§ **Task instructions**
I'd like every entry transcribed word for word, with no pictures.

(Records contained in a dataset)

--------------------------------

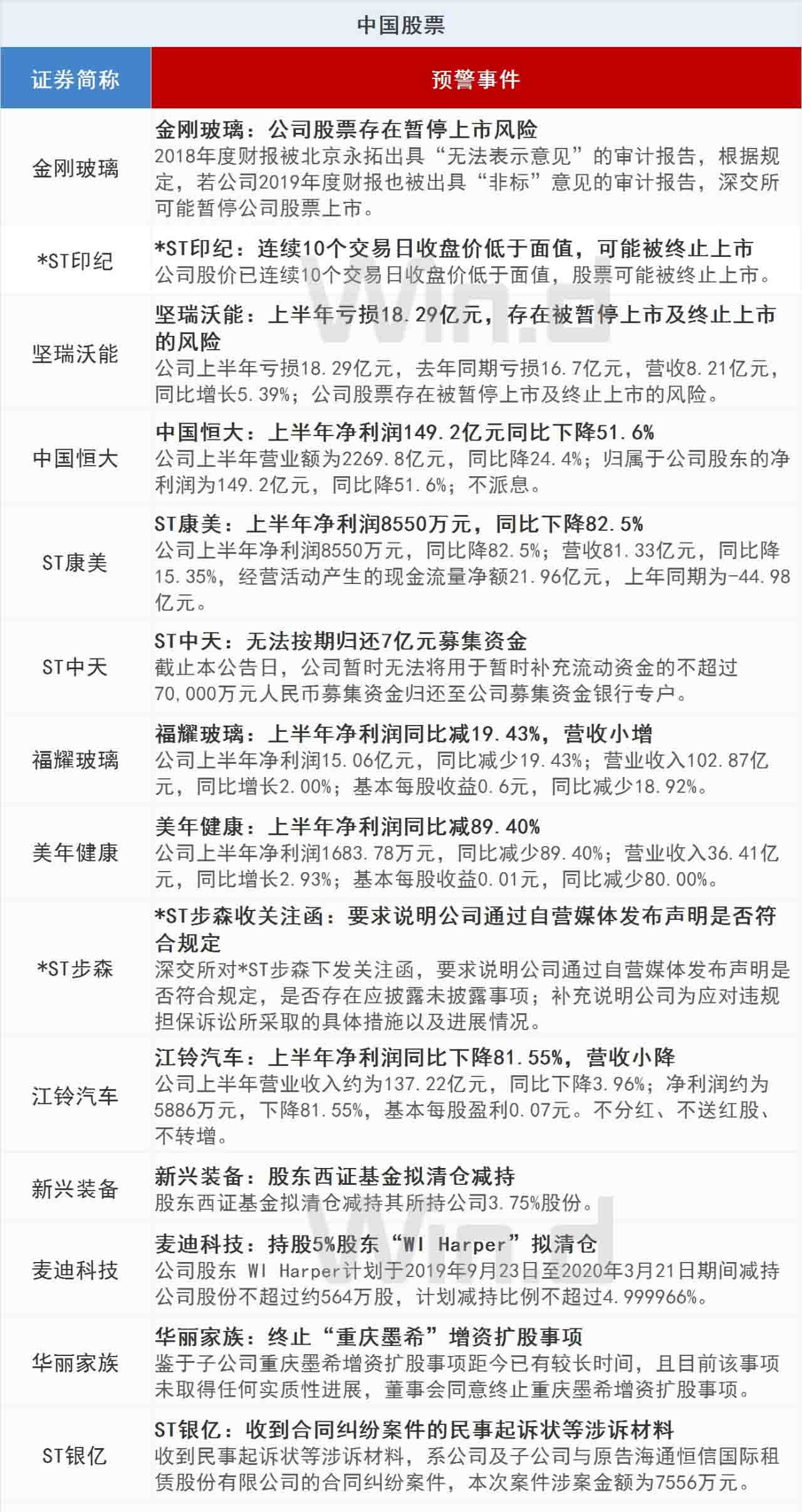 金刚玻璃存在暂停上市风险;*ST印纪或被终止上市
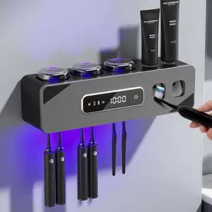 Wall Mounted Electric Toothbrush Holders with 3 Cups, UV Sanitizer, Toothpaste Dispenser, Smart Home Bathroom Accessories & Decor, Black
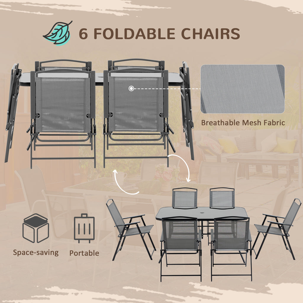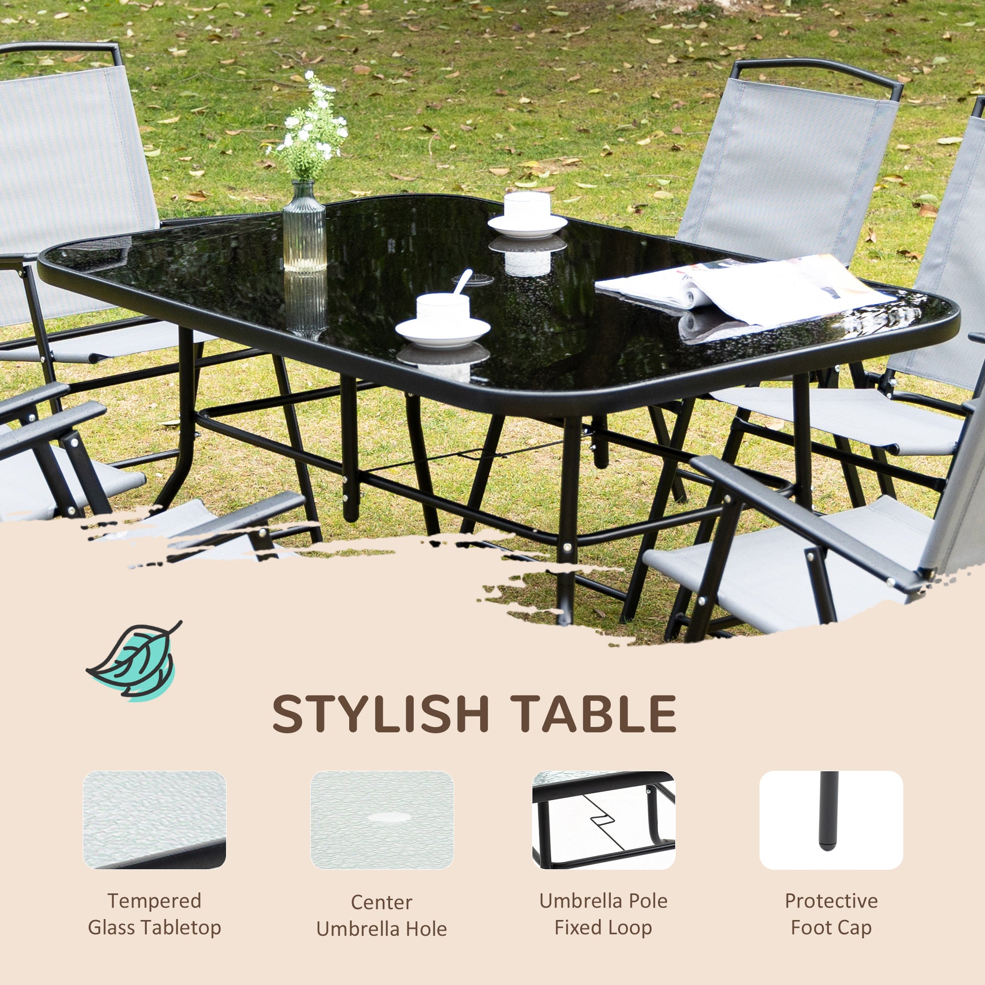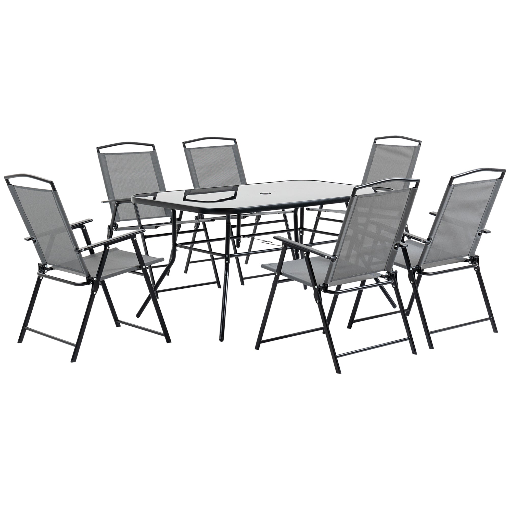 With this seven-piece outdoor dining set, you can quickly create a great place to hang out outdoors, spending time with your friends and family. It comes with six chairs and a large rectangular table - the glass table top creates a beautiful, sleek look. The table has a hole in the middle, allowing you to place a parasol umbrella for lots of shade against the sun. Start enjoying your time outside this season and beyond.
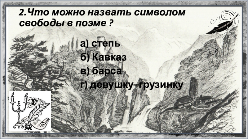 Слайд 152.Что можно назвать символом свободы в поэме ?
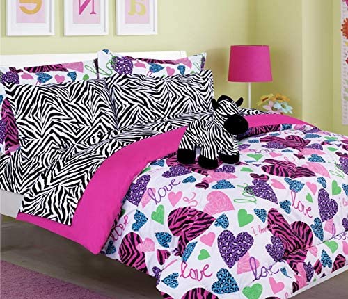 Be the first to review “Girls Kids Bedding-Misty Zebra Tween Teen Dream Bed in A Bag. Twin Size Comforter Set, Sheet Set and Plush Zebra Included-Love, Hearts-Hot Pink, Turquoise Blue, Purple, Black and White” Cancel reply
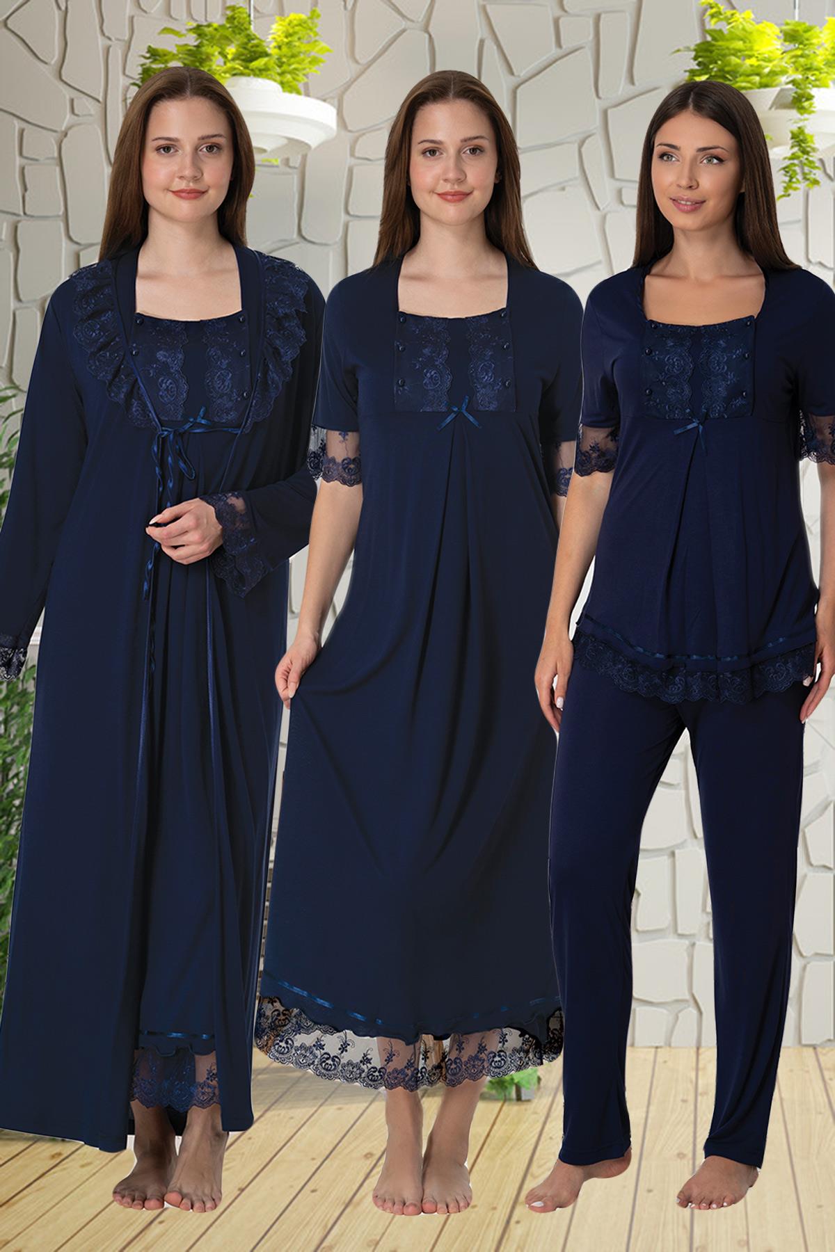 Effortt 6036 Lacivert Dantelli 4lü Lohusa Seti (6036)
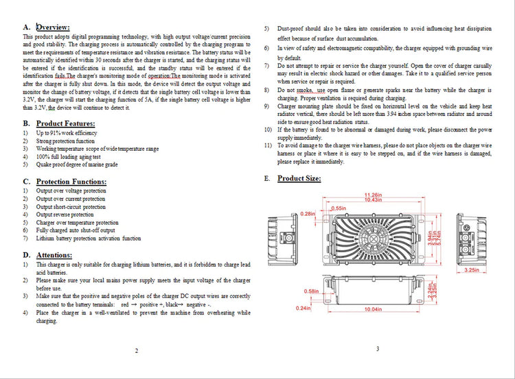 * Automatic BMS Reset: No more hassle with buttons or jump-starting! This charger automatically resets the Battery Management System (BMS) on drained batteries.
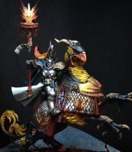 When a tide of chaos raiders attacked the city, he was denounced as a cursed scholar and having brought doom to their esteemed city. His fellow scholars betrayed him, hoping to oust him from the council and exile him from the city. Their screams echoed the halls of the citadel chambers as he used ancient blood rituals to tear their skulls from their writhing bodies. He had mastered the skull runes and with this, he could control a rift into the chaos realm by the skulls he bore. His journey eventually led him into the ranks of Lord Aichmos, bearing the banner of the blood secrator and bringing the swirling madness of the chaos realm wherever his fetish skulls followed.

--------------------------------

§ **Answer box**
 金刚玻璃存在暂停上市风险;*ST印纪或被终止上市
 Wall Mounted Electric Toothbrush Holders with 3 Cups, UV Sanitizer, Toothpaste Dispenser, Smart Home Bathroom Accessories & Decor, Black
 With this seven-piece outdoor dining set, you can quickly create a great place to hang out outdoors, spending time with your friends and family. It comes with six chairs and a large rectangular table - the glass table top creates a beautiful, sleek look. The table has a hole in the middle, allowing you to place a parasol umbrella for lots of shade against the sun. Start enjoying your time outside this season and beyond.
 Слайд 152.Что можно назвать символом свободы в поэме ?
 Be the first to review “Girls Kids Bedding-Misty Zebra Tween Teen Dream Bed in A Bag. Twin Size Comforter Set, Sheet Set and Plush Zebra Included-Love, Hearts-Hot Pink, Turquoise Blue, Purple, Black and White” Cancel reply
 Effortt 6036 Lacivert Dantelli 4lü Lohusa Seti (6036)
 * Automatic BMS Reset: No more hassle with buttons or jump-starting! This charger automatically resets the Battery Management System (BMS) on drained batteries.
 When a tide of chaos raiders attacked the city, he was denounced as a cursed scholar and having brought doom to their esteemed city. His fellow scholars betrayed him, hoping to oust him from the council and exile him from the city. Their screams echoed the halls of the citadel chambers as he used ancient blood rituals to tear their skulls from their writhing bodies. He had mastered the skull runes and with this, he could control a rift into the chaos realm by the skulls he bore. His journey eventually led him into the ranks of Lord Aichmos, bearing the banner of the blood secrator and bringing the swirling madness of the chaos realm wherever his fetish skulls followed.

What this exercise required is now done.